During Year 1 of the demonstration (September 2017), telephone interviews will be conducted with officials in state Medicaid offices. The interviews will address implementation of the CCBHC model in the state, addressing specific factors that shape CCBHC policies. They will be tailored based on the information already gathered through applications and other sources—or gaps in that information—regarding participating sites’ program characteristics. The interviewer will transfer the information gathered from the interviews into a Debrief Template that organizes data by criteria domain and corresponding research questions. The general template for baseline telephone interviews is presented below.

A. Introduction

1. Please describe your current role/position and responsibilities.

B. Demonstration planning and administration

1. What were the key areas of focus for the state office(s) of mental health and substance abuse services in the demonstration planning process (e.g., PPS selection, clinic certification, etc.)?

a. What were your critical concerns and how did they influence how the state plans to conduct the demonstration?

Probe for the following:

  • Concerns regarding regional differences, frontier vs. rural vs. urban?

b. What aspects of the CCBHC requirements were most challenging during the demonstration planning process in your state?

c. What was the experience of collaborating with the state office of Medicaid like?

  • How were responsibilities/contributions to the CCBHC demonstration planning process distributed?

  • Did you encounter any challenges with respect to collaboration? What aspects of the collaboration worked well?

2. Were consumers (including adults with serious mental illness [SMI] and those with long term and serious substance use disorders [SUDs]), family members (including of adults with SMI and children with serious emotional disturbances), providers, and other stakeholders (including American Indian/Alaskan Native, and other local and state agencies) involved in developing the demonstration? If so, please describe their role.

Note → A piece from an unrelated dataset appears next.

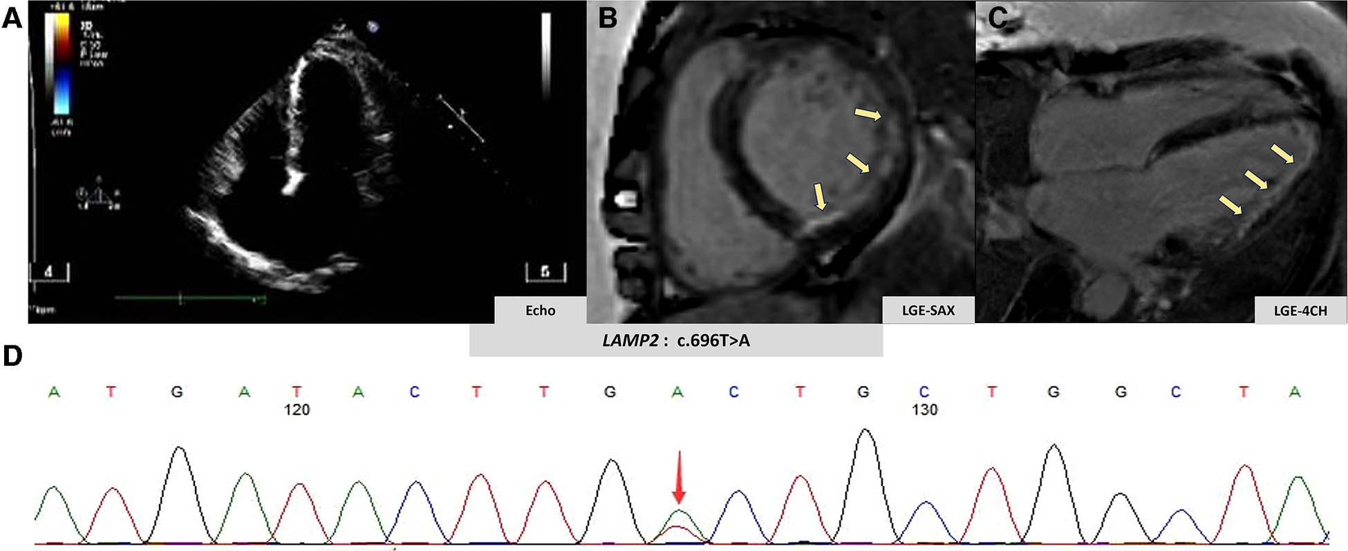 Imaging and genetic findings in Danon disease. (A) Patient's echocardiography view. (B,C) Patient's late gadolinium enhancement by CMR (yellow arrow). (D) Genetic analysis of the clinically affected member.

a. What were the critical issues they raised, and how did their input influence your plan to conduct the demonstration?

3. Were the state office(s) of mental health and substance abuse services involved in certifying clinics as CCBHCs? Please describe this involvement if so.

a. What processes are in place to ensure continued compliance with the certification criteria?

4. What are the major differences between the way that CCBHCs and non-CCBHC community behavioral health clinics operate in your state?

Probe separately for:

  • - Differences between CCBHCs and mental health clinics

  • Differences between CCBHCs and substance use disorder clinics

  1. What types of facilities became CCBHCs in your state (e.g., Federally Qualified Health Centers [FQHCs], community mental health centers, SUD clinics, etc.)?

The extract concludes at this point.